To find the maximum or minimum values of a function, we would usually draw the graph in order to see the shape of the curve. Now, using our knowledge from differentiation, we can find these greatest and least values of a function without plotting the graph in a given interval.

## Example 1

A rectangle ABCD measures 7 units by 11 units, as shown.

E lies on BC $$x$$ units from B.

F lies on CD $$2x$$ units from C.

1. Show that the area, A units2, of the shaded region is given by $$A = {x^2} - \frac{{11}}{2}x + \frac{{77}}{2}$$
2. Find the value of $$x$$ for which the shaded area is least

### Solution

1. In order to find the shaded area, we would need to find the area of the rectangle then subtract the areas of the surrounding triangles.

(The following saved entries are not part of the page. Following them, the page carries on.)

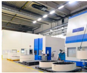
Presses, injection molding machines, gear housings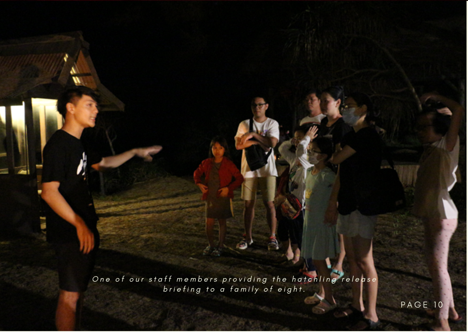
One of our staff members providing the hatchling release briefing to a family of eight.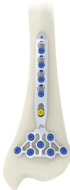
ANTERIOR MALLEOLAR PLATE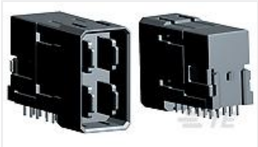
TE Part #2169802-1 IMP,PWR,4PR,R/A,Hdr,6.9,6.9,Tin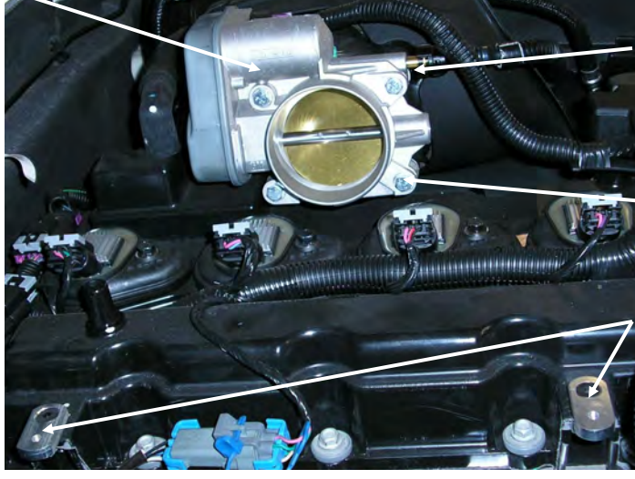
4.3L – Similar install, but not shown.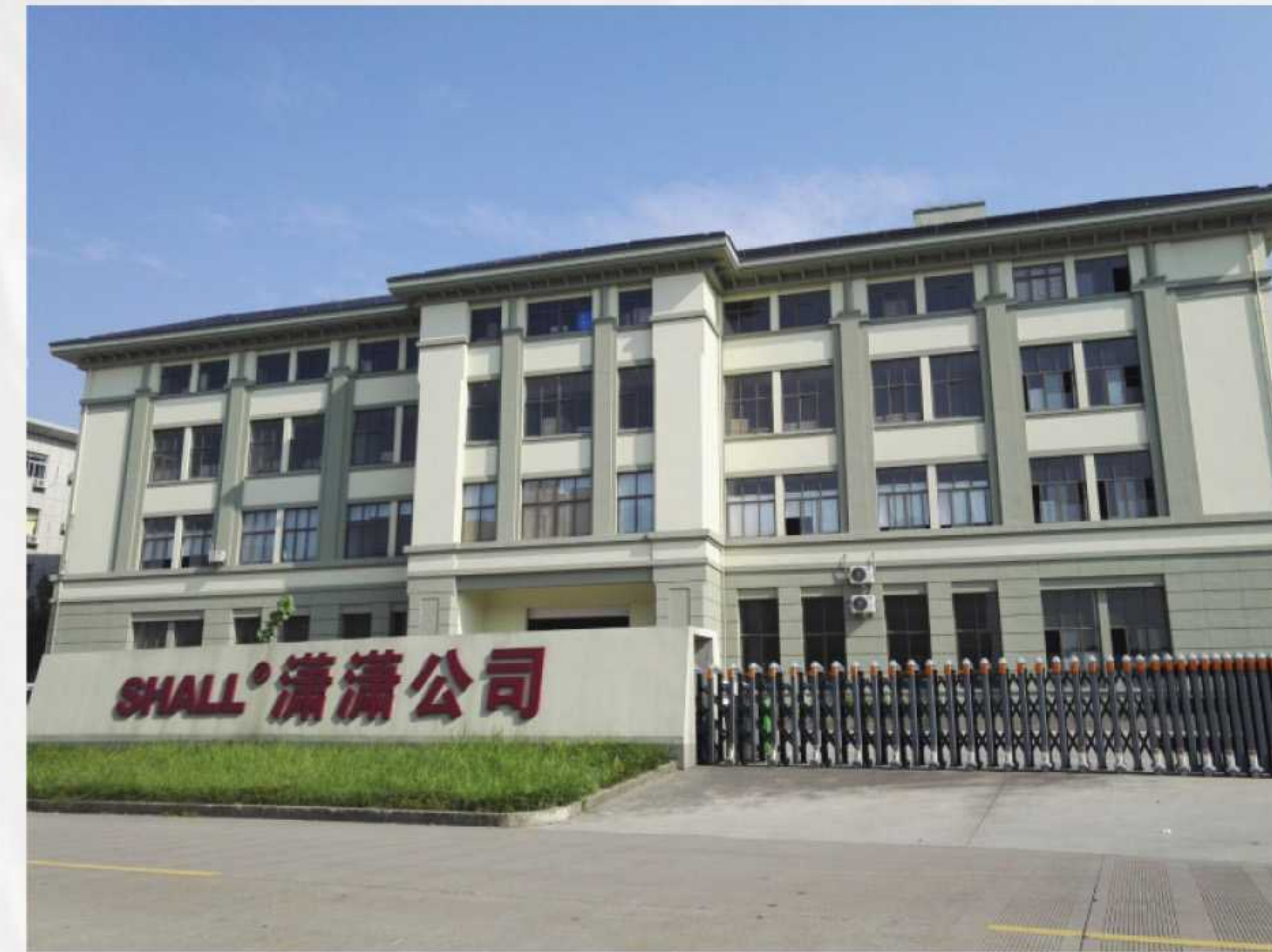
厂房 FACTORY BUILDINGS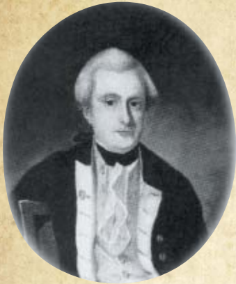
Governor Philip Gidley King

Governor Philip Gidley King was the third governor of the colony, from 1800-1806. Following the Castle Hill Rebellion at the Government Farm on 4 March 1804 he announced the Proclamation of Martial Law after declaring a state of insurrection. In 1806 he retired as governor and returned to England.

$Are{a_{rectangle}} = \text{length} \times \text{breadth}$

$= 11 \times 7$

$= 77unit{s^2}$

$Are{a_{FCE}} = \frac{1}{2}bh$

$= \frac{1}{2} \times 2x \times (7 - x)$

$= x(7 - x)unit{s^2}$

$Are{a_{ABE}} = \frac{1}{2}bh$

$= \frac{1}{2} \times 11 \times x$

$= \frac{{11}}{2}x\,unit{s^2}$

$Are{a_{DFE}} = \frac{1}{2}bh$

$= \frac{1}{2} \times 7 \times (11 - 2x)$

$= \frac{7}{2}(11 - 2x)\,unit{s^2}$

$= 77 - (x(7 - x)) - \frac{{11}}{2}x - \left( {\frac{7}{2}(11 - 2x)} \right)$

$= 77 - 7x + {x^2} - \frac{{11}}{2}x - \frac{{77}}{2} + 7x$

$= {x^2} - \frac{{11}}{2}x + \frac{{77}}{2}\,unit{s^2}$

2. In order to find the least value of $$x$$, we need to find which value of $$x$$ gives us a minimum turning point. Therefore we need to differentiate and solve to find $$x$$, then find the nature in order to prove a minimum.

$A(x) = {x^2} - \frac{{11}}{2}x + \frac{{77}}{2}$

$A\textquotesingle(x)=2x-\frac{{11}}{2}$

Stationary points occur when $$\frac{{dy}}{{dx}} = 0$$.

$2x - \frac{{11}}{2} = 0$

$4x - 11 = 0$

$4x = 11$

$x = \frac{{11}}{4}$

### Nature

$$\frac{{dy}}{{dx}} = 2(2) - \frac{{11}}{2} = - \frac{3}{2}$$ (negative)

$$\frac{{dy}}{{dx}} = 2\left( {\frac{{11}}{4}} \right) - \frac{{11}}{2} = 0$$ (stationary)

$$\frac{{dy}}{{dx}} = 2(3) - \frac{{11}}{2} = \frac{1}{2}$$ (positive)

Therefore the surface area would be least when $$x = \frac{{11}}{4}$$.